# Activity
Transcribe word for word the lines below from the line with "carry the backpack." through the line with "HOCO CA85 autós", ends included.

# Supplied data
■ ■ ■ ■ ■ ■ ■

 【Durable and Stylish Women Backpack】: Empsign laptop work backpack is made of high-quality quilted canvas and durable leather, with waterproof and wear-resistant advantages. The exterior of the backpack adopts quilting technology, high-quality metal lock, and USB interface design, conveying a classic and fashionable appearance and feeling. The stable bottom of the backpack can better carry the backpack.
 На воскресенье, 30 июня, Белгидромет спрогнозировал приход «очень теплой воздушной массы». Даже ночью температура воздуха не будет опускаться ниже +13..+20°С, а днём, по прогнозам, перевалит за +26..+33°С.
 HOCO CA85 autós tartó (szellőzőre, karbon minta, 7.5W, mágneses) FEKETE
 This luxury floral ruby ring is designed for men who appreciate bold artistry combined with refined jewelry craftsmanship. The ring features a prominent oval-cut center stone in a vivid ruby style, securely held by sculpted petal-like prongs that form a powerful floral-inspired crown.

■ ■ ■ ■ ■ ■ ■

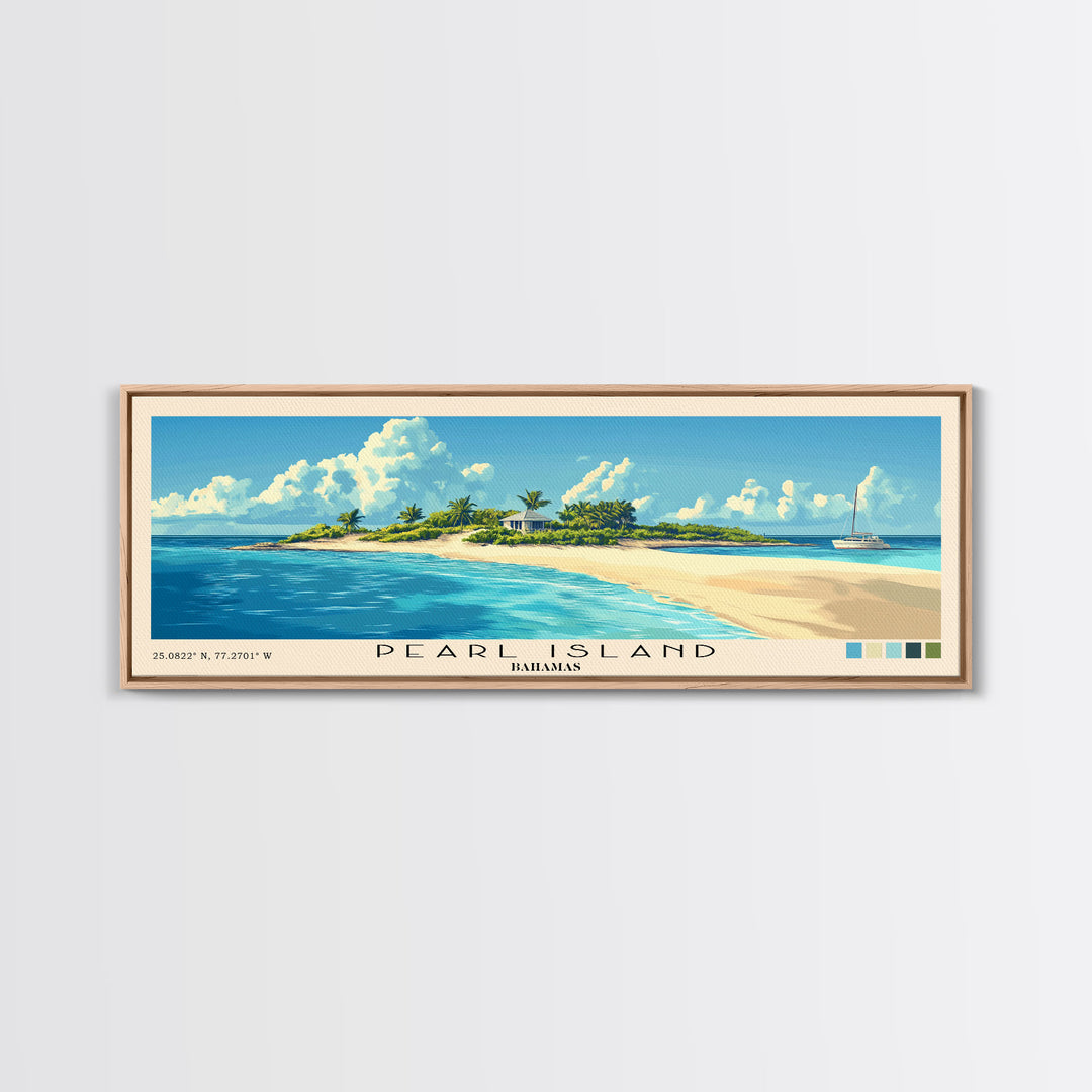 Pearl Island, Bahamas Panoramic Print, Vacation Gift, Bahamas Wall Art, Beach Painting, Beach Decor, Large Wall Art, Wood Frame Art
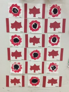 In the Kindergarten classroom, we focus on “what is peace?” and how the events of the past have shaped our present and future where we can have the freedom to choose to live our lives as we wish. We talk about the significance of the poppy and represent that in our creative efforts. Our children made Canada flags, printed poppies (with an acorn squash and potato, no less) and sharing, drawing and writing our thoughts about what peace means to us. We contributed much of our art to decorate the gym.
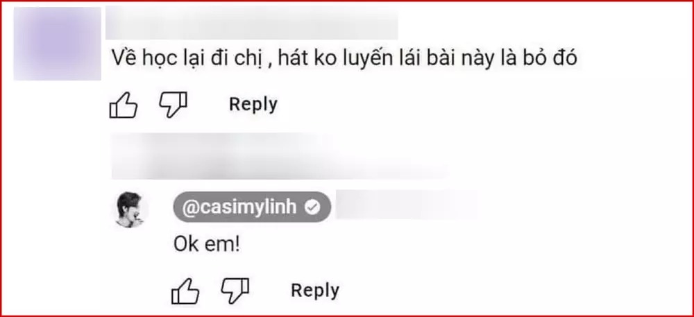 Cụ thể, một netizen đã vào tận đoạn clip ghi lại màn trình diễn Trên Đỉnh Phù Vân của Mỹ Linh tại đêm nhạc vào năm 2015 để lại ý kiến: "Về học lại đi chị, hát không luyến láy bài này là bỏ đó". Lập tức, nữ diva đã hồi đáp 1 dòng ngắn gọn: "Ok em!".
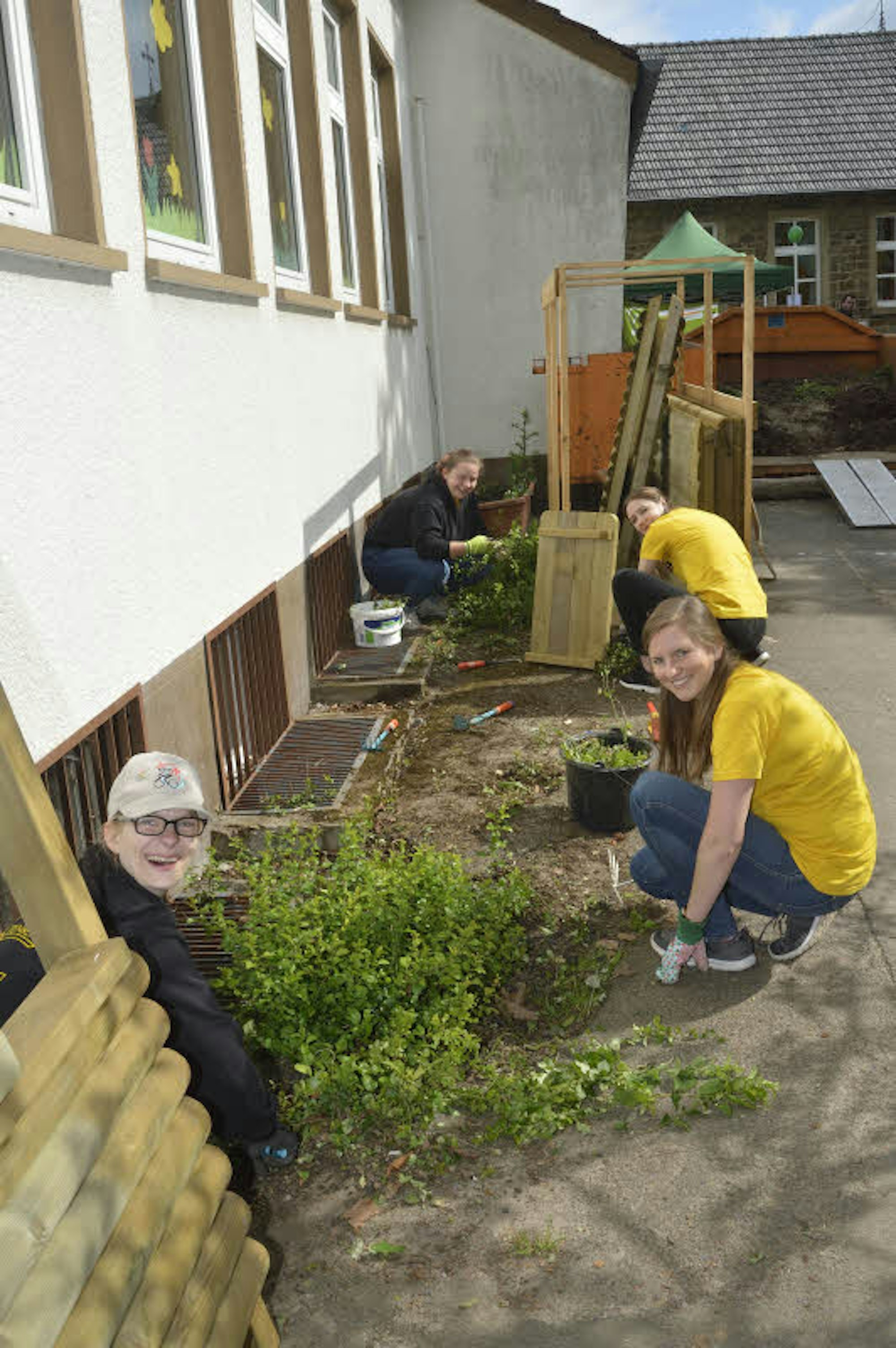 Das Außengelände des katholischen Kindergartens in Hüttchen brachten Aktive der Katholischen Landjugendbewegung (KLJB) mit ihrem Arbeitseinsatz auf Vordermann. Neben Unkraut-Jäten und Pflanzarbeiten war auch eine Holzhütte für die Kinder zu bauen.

■ ■ ■ ■ ■ ■ ■

# Solved problem
 【Durable and Stylish Women Backpack】: Empsign laptop work backpack is made of high-quality quilted canvas and durable leather, with waterproof and wear-resistant advantages. The exterior of the backpack adopts quilting technology, high-quality metal lock, and USB interface design, conveying a classic and fashionable appearance and feeling. The stable bottom of the backpack can better carry the backpack.
 На воскресенье, 30 июня, Белгидромет спрогнозировал приход «очень теплой воздушной массы». Даже ночью температура воздуха не будет опускаться ниже +13..+20°С, а днём, по прогнозам, перевалит за +26..+33°С.
 HOCO CA85 autós tartó (szellőzőre, karbon minta, 7.5W, mágneses) FEKETE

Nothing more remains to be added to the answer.